# Street for sale,,,   Slightly used



## cda (Aug 8, 2017)

Conarb at it again



https://www.usatoday.com/story/mone...presidio-terrace-street-sells-90-k/547872001/


----------



## fatboy (Aug 8, 2017)

$90K, not bad for a street.......


----------



## Francis Vineyard (Aug 8, 2017)

Sweet! "Residents, via their HOA, are responsible for paying for the street’s maintenance and, as with any other private property, tax."

theguardianlandlordtrobles


----------



## mtlogcabin (Aug 8, 2017)

Since the HOA no longer owns it they are no longer responsible to pay for the upkeep. the big question i think is do the property homeowners still have a legal ROW to access their homes if not it will be a very costly legal issue


----------



## cda (Aug 8, 2017)

Depends is it true private property

As in could he fence it off

Or is there also legal / city requirements to allow access


----------



## ICE (Aug 8, 2017)

I wonder what the auctioneer thought about selling a street. 

The security guard is going to need a cash register.

I wonder if a permit is required for a parade on a private street.

It could be a flea market on Saturdays. ...... Once would be enough.

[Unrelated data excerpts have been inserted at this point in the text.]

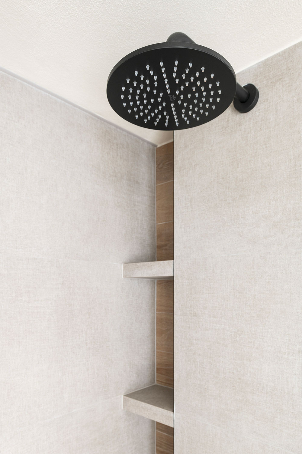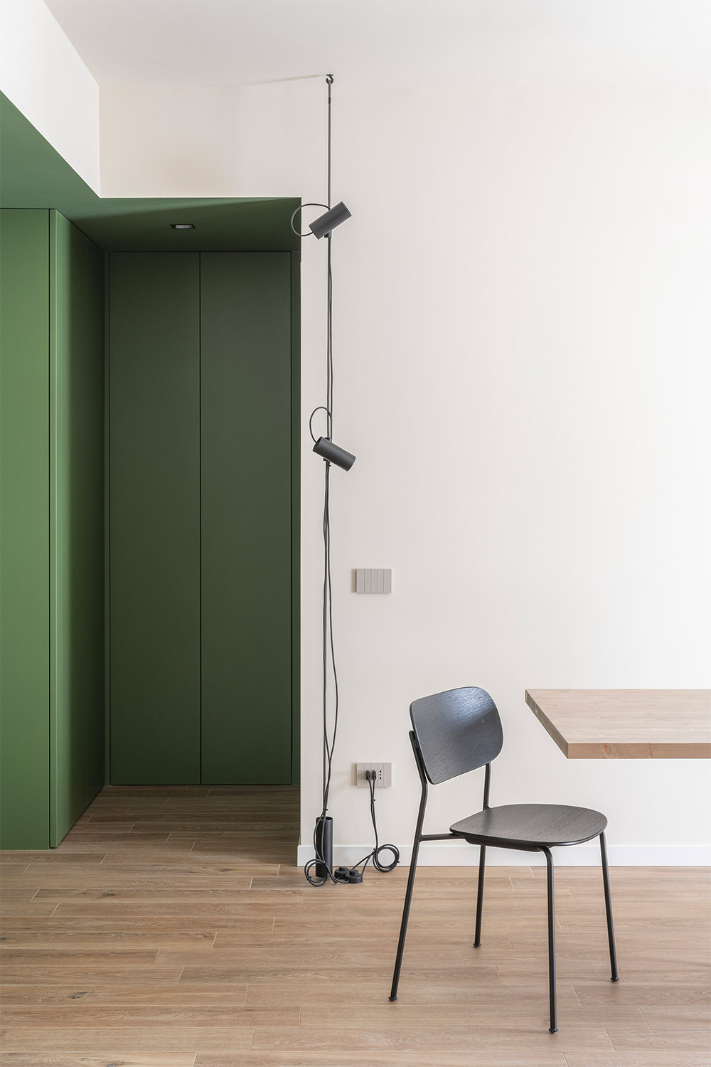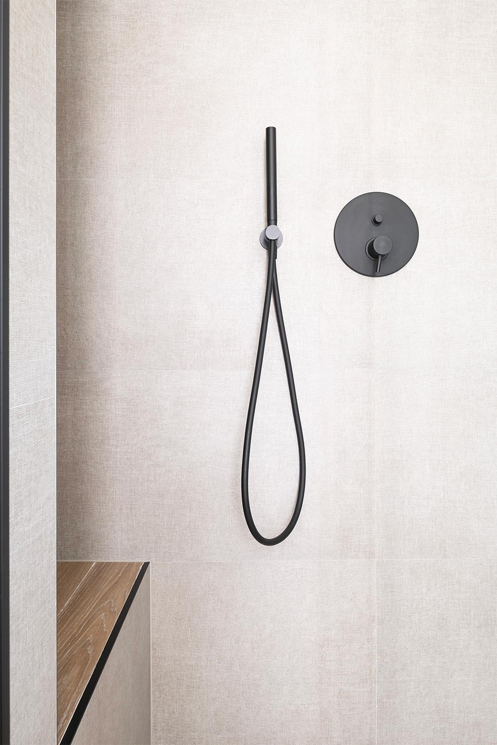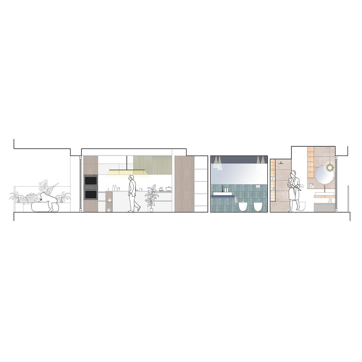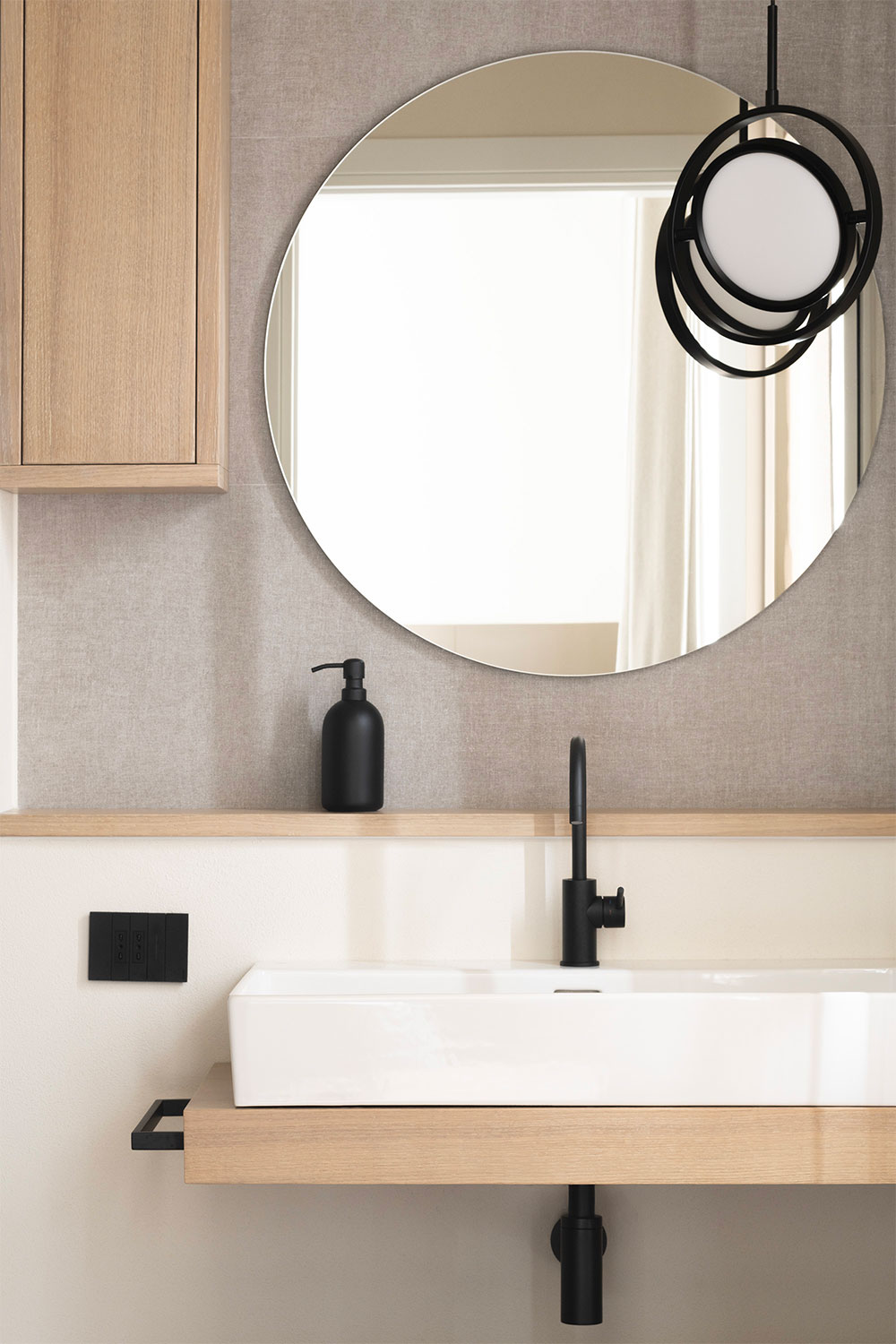 Linee regolari, geometrie semplici e arredi su misura costruiscono un ambiente fluido in cui cucina, pranzo e soggiorno dialogano attraverso ribassamenti che definiscono le funzioni senza interrompere la percezione dello spazio. Il verde, colore simbolico dei committenti, si combina con noce e champagne, creando un linguaggio caldo e ordinato. La cucina su misura integra colonne in noce, dettagli cannettati e un’isola centrale come fulcro. Nella zona notte, toni più scuri e texture tessili costruiscono un’atmosfera intima. Il bagno ospiti è avvolto in un blu intenso che richiama l’acqua, con rivestimento lucido e irregolare che riflette la luce, mobili su misura e pareti in tinta. Il bagno padronale interpreta il tema naturale attraverso un gres moka con texture che ricorda il lino, abbinato ad arredi in legno e a nicchie ricavate nel volume doccia.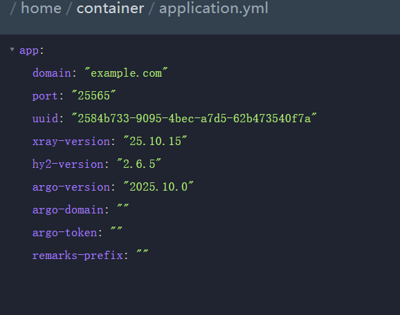 - 修改配置参数,来到控制台页面点击右边的Address复制IP和端口,回答文件点击application.yml,将第一行的域名和端口替换掉。注意域名后的冒号要去掉,uuid可自行删掉让它自动生成,默认的xrary、hy2、argo版本可自行选择保留或删除,临时隧道也一样或者固定隧道。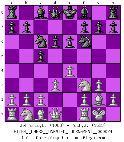Last move : 1-0 2012 April 1 12:19:55 [Event "FICGS__CHESS__UNRATED_TOURNAMENT__000024"] [Site "FICGS"] [Date "2012.01.03"] [Round "1"] [White "Jefferis,Des"] [Black "Pech,Jaroslav senior"] [Result "1-0"] [WhiteElo "1063"] [BlackElo "1583"] 1.e4 c5 2.Nf3 e6 3.g3 Nc6 4.Bg2 Nf6 5.d3 d6 6.O-O 1-0 Sicilian defense Kingside Castling by player White (move 6) Player White won this chess game. Follow this game move after move (download)I am the best player in the world and I am here to prove it. (Bobby Fischer) Du weisst es gibt ein Problem mit Computern und Fernschach, wenn jeder eine Rating von 2450 hat. (John Christen Knudsen) La pasion por jugar al Ajedrez es una de las mas inexplicables en el mundo. (H.G. Wells) Le pion, dans sa simplicité, marche droit devant lui, mais lorsqu'il prend, il le fait obliquement? Ainsi l'homme, tant qu'il reste pauvre, marche dans la droiture et vit honnêtement, mais lorsqu'il recherche les honneurs, il flatte, se parjure et, par les voies obliques, cherche une position supérieure sur l'échiquier du monde. (Jean de Galles) The message for business people contemplating their place in the cyberspace is simple and direct: get linked or get lost. (Vic Sussman and Kenan Pollack)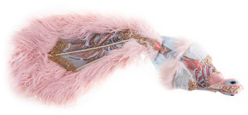 Designul său rafinat, completat de coada lungă și pufoasă, transformă acest ornament festiv într-un punct de atracție pentru orice încăpere. Nuanța roz oferă un aer modern și sofisticat, ideal pentru interioare decorate creativ și cu bun gust.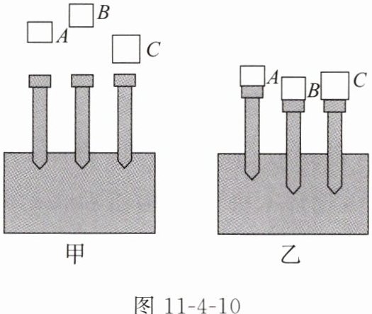 10. 在探究“重力势能的大小与哪些因素有关”的实验中,已知物块A、B、C的质量关系为m_A = m_B < m_C,三个完全相同的木桩和三个物块从高处释放时的位置如图11-4-10甲所示;木桩被打击后陷入沙中的情形如图11-4-10乙所示,物块B、C将木桩打入沙中的深度相同。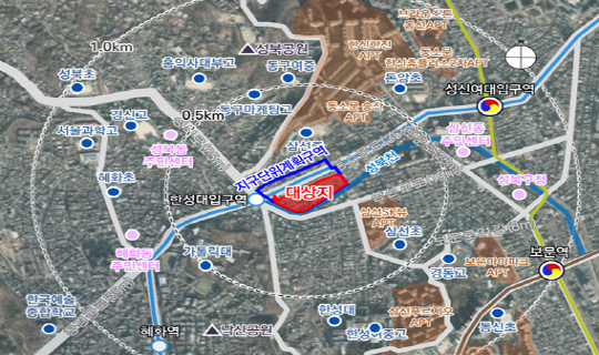 ÇѼº´ëÀÔ±¸¿ª(4È£¼±)°ú ¼ººÏõ »çÀÌ¿¡ À§Ä¡ÇØ ÀÔÁö Á¶°ÇÀÌ ¿ì¼öÇÏ¸ç ´ë»óÁö ÁÖº¯ÀÇ ±³Å롤º¸Çà ȯ°æÀ» À§ÇØ µµ·Î È®Æø µîµµ Á¤ºñÇÒ ¿¹Á¤ÀÌ´Ù. ³«»ê°ø¿ø ¼º°û¿¡¼­ ´ë»óÁö¸¦ ¹Ù¶óº» Á¶¸ÁÀ¸·Î ÁÖº¯°ú ÀÚ¿¬½º·¯¿î ½ºÄ«À̶óÀÎÀ» °èȹÇß°í, ´ë»óÁö ÀÎÁ¢ °¡·Îº¯À¸·Î´Â ¿¬µµÇü ±Ù¸°»ýȰ½Ã¼³À» ÁýÁß ¹èÄ¡ÇØ °¡·ÎȰ¼ºÈ­¸¦ À¯µµÇß´Ù.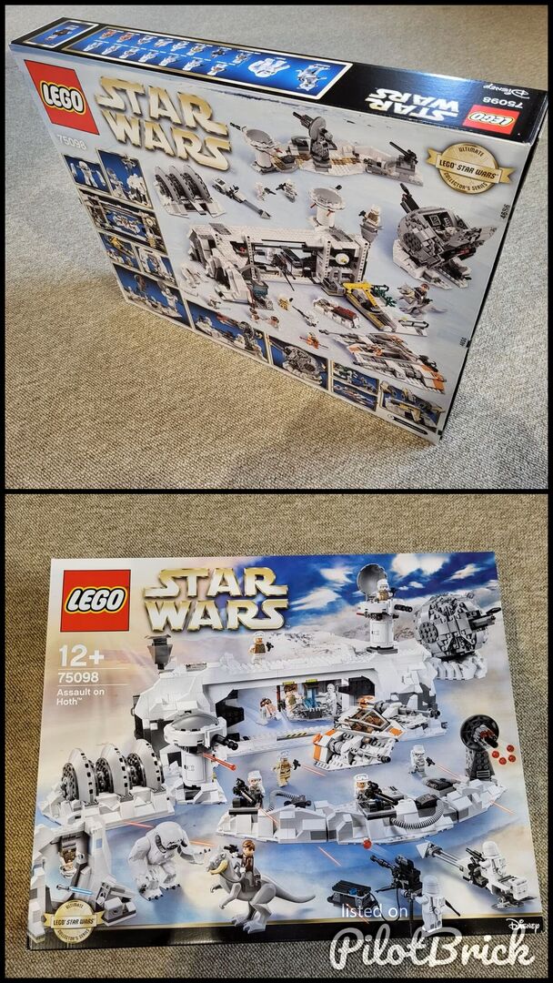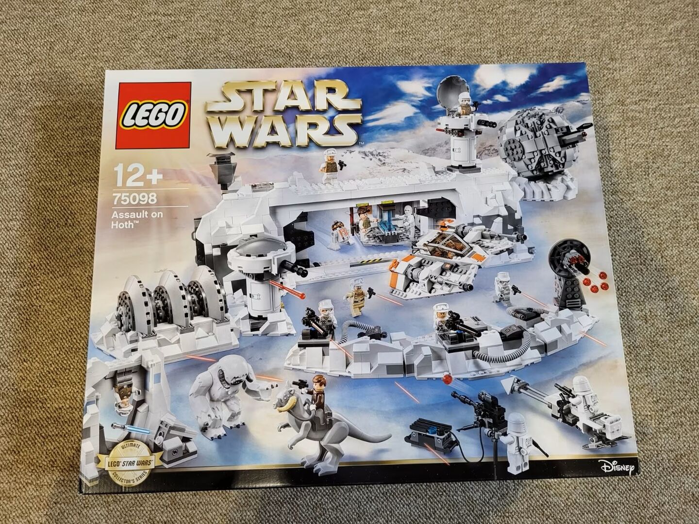 LEGO Star Wars 75098 Assault on Hoth (NEW and OVP) - I am selling this new, unopened and originally packed LEGO Star Wars 75098 Assault on Hoth set from my Lego collection. It is absolutely as good as new and in TOP condition. The safety stickers etc. are all still undamaged. Further information via PN Pick up possible Payment by classifieds, PayPal, normal bank transfer or cash on collection Shipping possible for an extra charge More pictures on request. Product details: Get ready for epic battles on the ice planet Hoth like never before! This fantastic LEGO® replica of the Rebel Echo Base from Star Wars: Episode V - The Empire Strikes Back includes all the details you need to stage your own epic battles on the ice planet. Embark on scouting missions on the Snowspeeder equipped with spring-loaded twin shooters. Then, when you spot the enemy speeder bike, return to Echo Base and help Luke, Han and the other heroic rebels lock the blast doors, ready the laser cannons, man the turrets with the spring-loaded twin shooters and activate the ion cannon, which is also equipped with 2 spring-loaded shooters! This fantastic model has numerous other features. These include a workshop area with crane, a control room, a power generator with blasting function, a rotating communications dish, a scout post with twin shooters and a tauntaun with its own stable. There's even a wampa cave (with wampa) as an escape route for Luke! Thanks to the modular design of this amazingly detailed set, you can also customize the rebel base to your own liking. Get ready for the ultimate action with LEGO Star Wars! Includes 14 minifigures and matching equipment: Luke Skywalker, Han Solo, Toryn Farr, a Rebel officer, Wes Janson, Wedge Antilles, K-3PO, 5 Rebel troopers and 2 Snowtroopers, plus an R3-A2, a Tauntaun and a Wampa. Includes 14 minifigures with matching equipment: Luke Skywalker, Han Solo, Toryn Farr, a Rebel officer, Wes Janson, Wedge Antilles, K-3PO, 5 Rebel troopers and 2 Snowtroopers, plus an R3-A2, a Tauntaun and a Wampa. Includes a Rebel base with wall and trench modules, a snowspeeder and a speeder bike. The wall module features sliding blast doors, a workshop area with crane, a control room, a power generator with blast function, an ion cannon with spring-loaded twin shooters, a laser turret with spring-loaded shooters and space for a minifigure, a scout post with twin shooters, a tauntaun stable and a wampa cave. The trench module is equipped with heavy blasters, a laser turret with spring-loaded twin shooters and space for a minifigure, and a laser cannon with rapid-fire shooter. The snowspeeder has an opening cockpit, extendable acceleration flaps and 2 spring-loaded shooters. Equipment: Luke's lightsaber, 7 blaster pistols, 2 blaster rifles and 2 blasters Accessories: 7 Hoth rebel helmets, 2 snowtrooper helmets and the pilot helmets for Wes and Wedge. Man the turrets and get ready for action! Jump onto the snowspeeder and track down the enemy. Keep an eye out for the Imperial forces at the scout post. Close the blast doors and prepare for a fierce battle! Supply the Tauntaun. Raise the snowspeeder to repair it. Use the devastating ion cannon to take out the starships in orbit! Will Luke manage to escape the furious Wampa? The Snowspeeder is 5 cm high, 18 cm long and 17 cm wide. The speeder bike is 3 cm high, 13 cm long and 4 cm wide. The power generator is 8 cm high, 16 cm wide and 13 cm deep.

Government at it's finest.


----------



## conarb (Aug 8, 2017)

cda said:


> Conarb at it again



Close, an old girlfriend from college lives nearby in Presidio Heights, not Presidio Terrace *in this house*, her RA was Diane Goldman (you know her as Feinstein) and she told her to stay away from me.


----------



## tmurray (Aug 9, 2017)

mtlogcabin said:


> Since the HOA no longer owns it they are no longer responsible to pay for the upkeep. the big question i think is do the property homeowners still have a legal ROW to access their homes if not it will be a very costly legal issue


Generally, in the cases of private ways, each property owner would have deeded access. Typically the planning department ensures this prior to approval of the subdivision.


----------



## steveray (Aug 9, 2017)

Access is typically by right, but flat out "use" like parking, is not guaranteed....


----------



## Pcinspector1 (Aug 9, 2017)

This sounds a bit like "I have some ocean view property for sale in Arizona" to me. 

Does CA have any HOA laws on the books? Did someone find a loophole?


----------